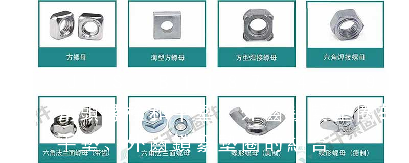 kep nut 鎖緊螺母 acorn nut 蓋形螺母 wing washer 翼型墊片 eye bolt 吊環螺栓(也叫環首螺栓, 其實這個叫法很多,大概是不同地區的緣故)Piston bolt 活塞螺釘 Winding bolt 線圈螺釘 Hexagon head bolts 六角頭螺栓 He
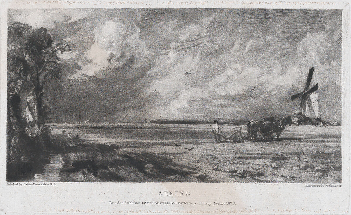 In 1827, Constable began work on the project that would occupy his attention until his death seven years later: the publication of a series of prints based on his paintings that would stand as a summary of his achievements. The painter collaborated closely with the engraver David Lucas to create prints that would illustrate Constable's didactic intention—to illustrate the "chiaroscuro of nature." The medium of mezzotint, in which the design is developed from dark to light using a wide range of velvety tones, was eminently suited to the project.
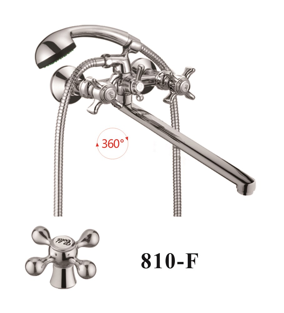 Смеситель для ванны с плоским изливом D145810-F, шланг, лейка, крепление для лейки, эксцентрик

- [Activity]: Reprint the listing above verbatim but drop the images.

- [Task output]:
 kep nut 鎖緊螺母 acorn nut 蓋形螺母 wing washer 翼型墊片 eye bolt 吊環螺栓(也叫環首螺栓, 其實這個叫法很多,大概是不同地區的緣故)Piston bolt 活塞螺釘 Winding bolt 線圈螺釘 Hexagon head bolts 六角頭螺栓 He
 In 1827, Constable began work on the project that would occupy his attention until his death seven years later: the publication of a series of prints based on his paintings that would stand as a summary of his achievements. The painter collaborated closely with the engraver David Lucas to create prints that would illustrate Constable's didactic intention—to illustrate the "chiaroscuro of nature." The medium of mezzotint, in which the design is developed from dark to light using a wide range of velvety tones, was eminently suited to the project.
 Смеситель для ванны с плоским изливом D145810-F, шланг, лейка, крепление для лейки, эксцентрик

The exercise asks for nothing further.